Refer to the screenshot in Step 1Download package #1185256 using 8 threads (for comparison, on a t3.2xlarge it took 5.5 hours to download 1300G using 4 threads vs 3.5 hours on 8 threads using the machine I created in the Computational Credits account at the NDA, per this tutorial).  Name the directory for download 'HCPDevImgManifestBeh' so that it matches the name in the NDA, even though you don't have to.  You may be asked to hit 'enter' a couple times if you don't have a token (this method doesn't require a token).  

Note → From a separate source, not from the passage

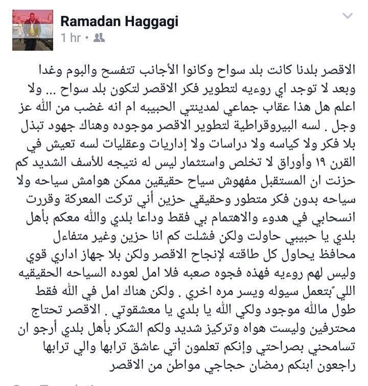 وقال حجاجي -على صفحته الشخصية على موقع التواصل الاجتماعي فيس بوك-: “لا توجد رؤية حقيقية لتكون الأقصر بلدًا يستقطب السائحين، ولا أعلم هل هذا عقاب جماعي للمدينة أم أنه غضب من الله!”.

> downloadcmd -dp 1185256 -u <your NDA username> -p <your NDA password> -d  HCPDevImgManifestBeh -wt 8 -v

It usually takes a minute to get rolling, but since you added the -v (verbose) flag, you should start seeing messages about things being downloaded.  If you don't, it's likely that the NDA has changed something.  Contact their helpdesk:  ndahelp@mail.nih.gov for updates.  Look for updates on the NDAR repo pages (https://github.com/NDAR).  The CCF will try to keep up with their breaking changes, too, and will update our instructions accordingly.   If you get errors, first check for typos in the package number, your credentials, or the options used.  Then send your question to ndahelp@mail.nih.gov with the command you typed (sans password) and the error you're seeing.  Note that 2 out of 2 people who tested this particular tutorial from start to finish encountered issues related to account permissions managed by the NDA and needed to open helpdesk tickets.  Check for typos before you send them a help desk ticket, but don't be shy.  


Step5 detour: Let's pretend you wanted to clone the abcd downloader and install those requirements.  Open another terminal window or deactivate the nda virtual environment.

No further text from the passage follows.